I'm quite lost here.

The problem states:

A spherically symmetric electrostatic charge distribution produces an electric field that is directed radially out from the distribution center. At the distance

*r*from this center the field has the strength:

[tex]\[E=\frac{Q}{4\pi {{\varepsilon }_{0}}{{R}^{2}}}\left( \frac{r}{R}-\frac{{{r}^{2}}}{{{R}^{2}}} \right),0<r<R\][/tex]

and

[tex]E=\frac{Q}{4\pi {{\varepsilon }_{0}}{{r}^{2}}},r>R[/tex]

The constant

*Q*is a charge, the constant

*R*is a length; both are positive.

Now, determine the electric potential

*V*(

*r*) anywhere in space, when the potential is set to 0 in the infinitely distant.

## Homework Equations

[tex]\[V=\int_{a}^{b}{E}\,dr\][/tex]

## The Attempt at a Solution

Ok...

I first do the integral with the first

*E*-field (0 <

*r*<

*R*), with the limits 0 to

*r*. This gives me:

[tex]V=\frac{Q}{4\pi {{\varepsilon }_{0}}{{R}^{2}}}\int_{0}^{r}{\left( \frac{r}{R}-\frac{{{r}^{2}}}{{{R}^{2}}} \right)}\,dr=-\frac{Q{{r}^{2}}\left( 2r-3R \right)}{24\pi {{\varepsilon }_{0}}{{R}^{4}}}[/tex]

But since

*Q*and

*R*were positive, I assume that this result is positive as well, so instead we have:

[tex]V=\frac{Q{{r}^{2}}\left( 2r-3R \right)}{24\pi {{\varepsilon }_{0}}{{R}^{4}}}[/tex]

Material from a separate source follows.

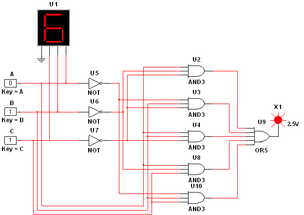 Собираем схему для полученной функции в ее совершенной дизъюнктивной форме – рисунок 1, затем проверяем ее работоспособность по таблице истинности.

Then I take the integral of the other E-field, with the limits

*R*to infinity and get:

[tex]V=\frac{Q}{4\pi {{\varepsilon }_{0}}}\int_{R}^{\infty }{\frac{1}{{{r}^{2}}}}\,dr=\frac{Q}{4\pi {{\varepsilon }_{0}}R}[/tex]

Adding these two integrals together I get:

[tex]V=\[\frac{Q\left( 2{{r}^{3}}-3R{{r}^{2}}+6{{R}^{3}} \right)}{24\pi {{\varepsilon }_{0}}{{R}^{4}}}\][/tex]

BUT, according to my book it should be:

[tex]V=\[\frac{Q\left( 2{{r}^{3}}-3R{{r}^{2}}+7{{R}^{3}} \right)}{24\pi {{\varepsilon }_{0}}{{R}^{4}}}\][/tex]

So, the difference being the 7 instead of 6. And I have no idea what to do to make up for that tiny difference. It's so close to each other that I can't imagine me being WAY off. So am I doing something wrong, or is it a mistake in the book ?

Regards